When I was discussing with my wife whether or not to get a second job, it was something I mentioned to her: the fact that my dad was someone who, from my point of view, seemed to sleep through my childhood. I didn't want to be that for my children. I wanted to be someone who would hear "Yay! Daddy's home!" rather than "Shhh! Daddy's home." and have my children wonder who I was beyond a snoring lump in the master bedroom.

The thing is, this is the sort of thing that I hope people only do because they have to, while I suspect my father did it because somewhere inside, he valued money more than relationships. This is the part where I start to feel sad about other people's problems rather than enjoying hearing complaints, because the people with the real problems in life hardly ever seem to be the ones complaining; they're too busy working to dig themselves out of their problems. I can complain, but in the end, this is only a temporary thing. My wife will be going back to work soon part time, as my childen are now old enough to start preschool. I'll drop my second job, and get some training to start a new career that will bring me more income. I've got a Bachelor's degree, and am looking to get a Master's in the future, and I have a lot of opportunity for upward mobility, even though my present situation is far from ideal. I'm not looking to own a big house and a fancy sports car, only to live my life with my family with some savings in the bank for emergencies and knowing that I will be able to send my children to college some day if they choose to go there (which I hope they will). I really think that I'll get there some day, maybe even within the next year or so. I also realize that there are many, many people who are not only not there, but will never get there.

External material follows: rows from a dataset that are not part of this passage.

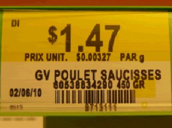 Le prix correspondant à l’unité de mesure n’apparaît pas pour le prix courant. De plus, l’étiquette indique deux prix en solde, mais seul celui de droite possède un prix correspondant à l’unité de mesure. |
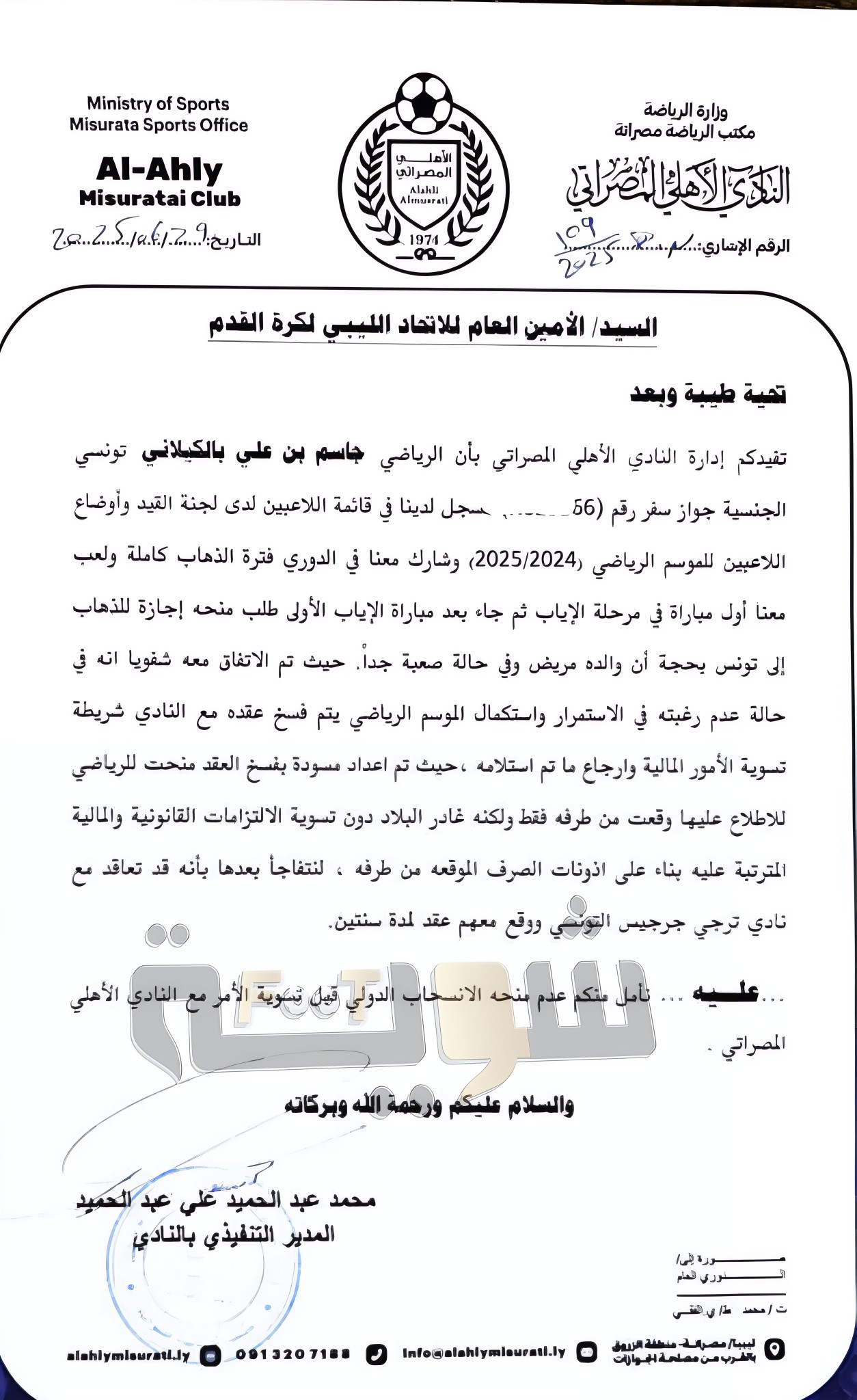La formation libyenne d'Al Ahli Al Musrati aurait indiqué que ce joueur était encore lié avec elle avant de rompre unilatéralement son contrat.
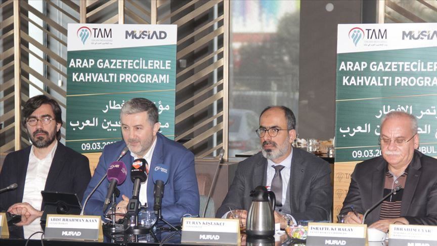 وحضر اللقاء الذي حمل عنوان "إفطار عمل مع الصحفيين العرب"، رئيس موصياد عبد الرحمن كان، ورئيس جمعية بيت الإعلاميين العرب طوران قشلاقجي، فضلا عن رجال أعمال أتراك وصحفيون عرب.

There are people out there with families to support that they have to work two full-time jobs at minimum wage in order to do so, and their children must hardly know them. They sacrifice having the sort of personal relationship that (I hope) we all want to have with our children, not for a brighter future, but so that they don't starve. Sometimes it seems like one of the biggest injustices in life: that there are people who are trying hard to make life and families work, and are contributing to society in an irreplaceable manner no doubt, but never quite make things work out for themselves. Call me an anti-capitalist, but I have a hard time stomaching people who make millions of dollars who are doing it only for the purpose of making tons of money while there are others making next to nothing who only want to feed their children and put a roof over their heads.

So, depressed over my blog, depressed over my own problems, depressed over other people's problems, and even depressed over other people's successes, I take a moment out to complain. I hope I have entertained.